FIPAG engana os nampulenses
Contudo o drama do acesso à água potável na cidade de Nampula não se circunscreve aos bairros periféricos mais pobres. A zona urbana, onde residem os mais de meio milhão de habitantes da chamada capital Norte de Moçambique, só tem 29 mil ligações domésticas de água canalizada.
Há duas semanas o Fundo de Investimento e Patrocínio de Abastecimento de Água (FIPAG), que gere o sistema de abastecimento de água da cidade, divulgou que os níveis do precioso líquido na fonte, a albufeira do rio Monapo, e por isso a distribuição seria alargada para 20 horas por dia.
Entretanto o @Verdade constatou que a água não estava a jorrar nos bairros de Mutauanha, Muhala Expansão, Murrapaniua e Natikiri. Em alguns destes bairros existem clientes do FIPAG que não recebem água canalizada há mais de três meses.
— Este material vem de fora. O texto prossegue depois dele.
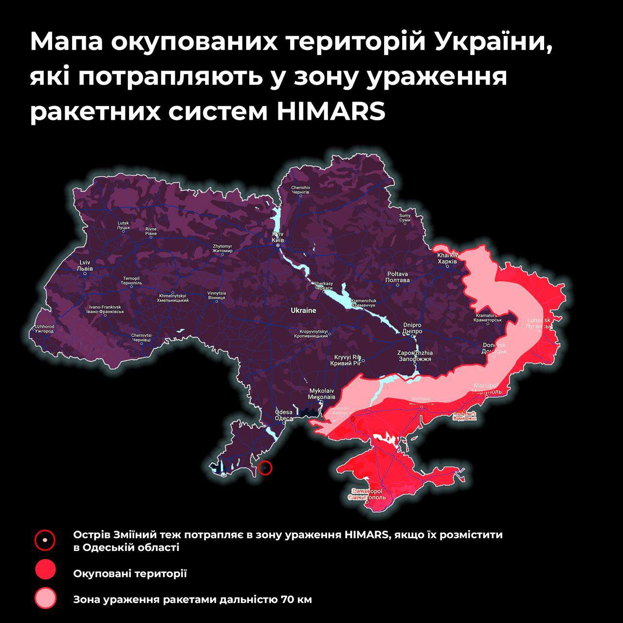 Также сегодня публиковался анализ, куда смогут добивать поставленные Украине РСЗО HIMARS. Учитывая дальность до 70-80 километров, остров Змеиный попадает в зону поражения, а вот Крым и Мариуполь - нет.

“Assisti numa das televisões a notícia que dava conta de que já havia água. Perguntei para a minha esposa e ela disse que ainda não estava a sair. Apercebi-me que o FIPAG em Nampula, com aquela publicidade, tratou de prestar conta aos seus superiores sem saber que estava a entreter-nos”, afirmou Jorgito Momade, residente no bairro da Muhala Expansão, que há mais de três meses não recebe água potável canalizada na sua residência.
O @Verdade procurou o FIPAG para apurar as razões da contínua falta de água mas o delegado regional, Elídio Cossa, mostrou-se indisponível.
Sem água milhares de citadinos de Nampula acabam por recorrer a poços artesanais não protegidos, e mesmo aos riachos próximos, para se abastecerem de água imprópria para o consumo humano. Não é por mera coincidência que as autoridades sanitárias apontam estes bairros, que sofrem com a falta do precioso líquido, como os locais de residência da maioria dos doentes de diarreias agudas, nas últimas 24 horas deram entrada 25 novos doentes.